The monetization, along with a decrease in the value of its reserves and the writedown of unproven properties no longer in the development plan, is likely to result in a 4Q2019 impairment of $1.4-1.8 billion, the company said in a Form 8-K filed with the U.S. Securities and Exchange Commission. The figure could change as year-end results are finalized.
EQT also said that it would spend between $1.25-1.35 billion this year, or $50 million less than the budget issued in October, “reflecting continued operational efficiencies.” That would put the producer on track to spend nearly $600 million less than in 2019. The company also slightly tweaked priorities for the year, indicating 65% of capital expenditures would be for the Marcellus Shale in Pennsylvania, 20% would go toward the Utica Shale in Ohio and 15% would be spent in the West Virginia Marcellus.

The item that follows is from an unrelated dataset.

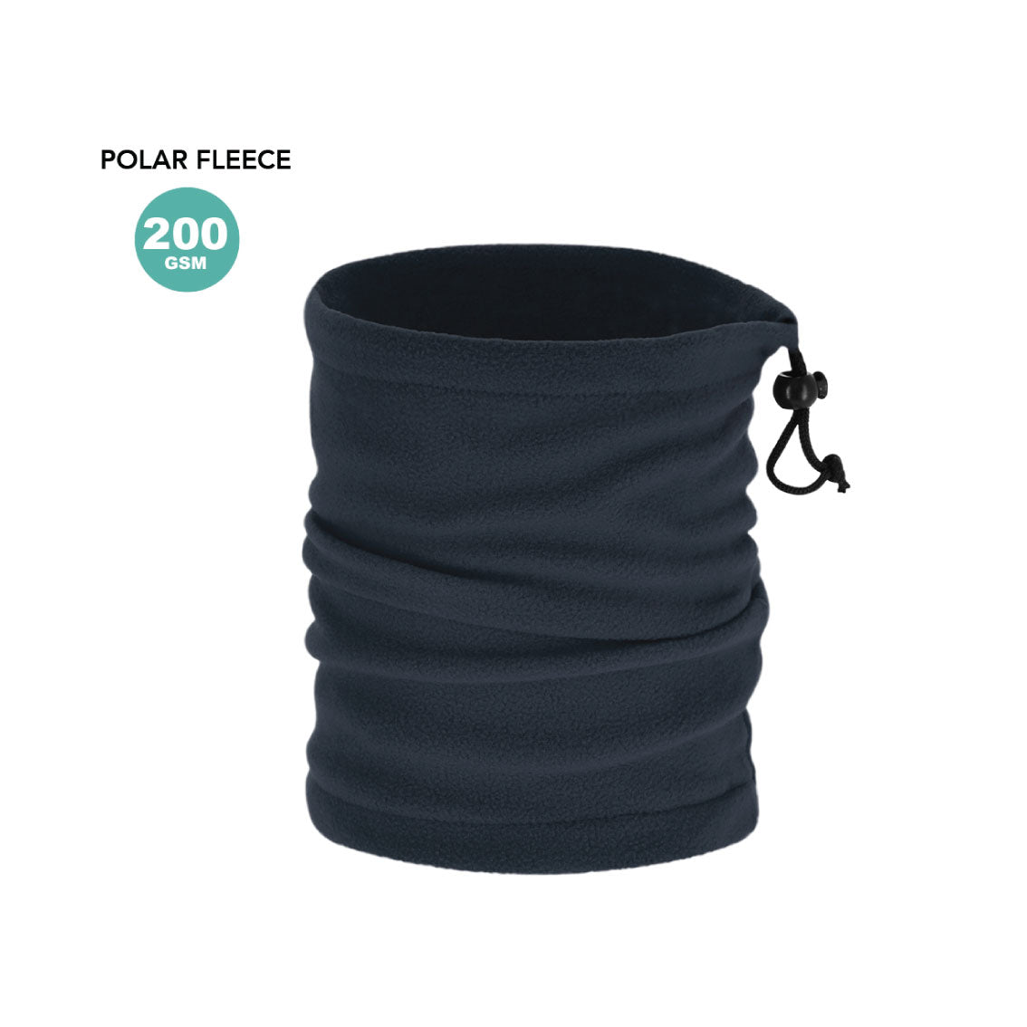 Halsvarmer i polar fleece 200 g/m² med anti-nuppebehandling. Med snorlukking og justeringstilbehør. Mørkeblå.

Fourth quarter production is expected to average 370-375 Bcfe, or toward the high-end of previously announced guidance, according to preliminary estimates. The company produced 394 Bcfe in the year-ago period and 381 Bcfe in 3Q2019. It is guiding for 1.45-1.50 Tcfe of production this year, roughly flat to 2019 levels.
Averaged realized prices are also expected to average $2.51-2.56/Mcfe in 4Q2019, or below the 4Q2018 average of $3.13/Mcfe.
EQT also said Monday it would offer two new series of fixed rate senior notes. Moody’s Investors Service downgraded the company following Monday’s filing.
“EQT’s significantly weakening cash flow metrics in light of the persistent weak natural gas price environment and the company’s intent to refinance its 2020 maturities in lieu of debt reduction through repayment drives the ratings downgrade,” said Moody’s senior analyst Sreedhar Kona. “Although the company is pursuing several avenues to reduce debt and enhance its cash flow, the execution risk involved in those initiatives is reflected in the negative outlook.”
Operators across Appalachia are expected to slash spending this year and curb output in the years ahead as prices are earthbound on a glut of natural gas. Range Resources Corp., another Appalachia-focused operator, last week said it would cut year/year spending by nearly 30% and said a “significant noncash impairment charge” is likely for properties in North Louisiana.
Chevron Corp. also said last month that it expects up to an $11 billion impairment for the fourth quarter, with more than half related to its Appalachian assets. The company also said it’s evaluating strategic alternatives for its properties in the Northeast.
Other operators such as Cabot Oil & Gas Corp. with leading positions in Appalachia have cautioned that their preliminary outlooks for 2020 could be revised lower if the natural gas strip doesn’t improve.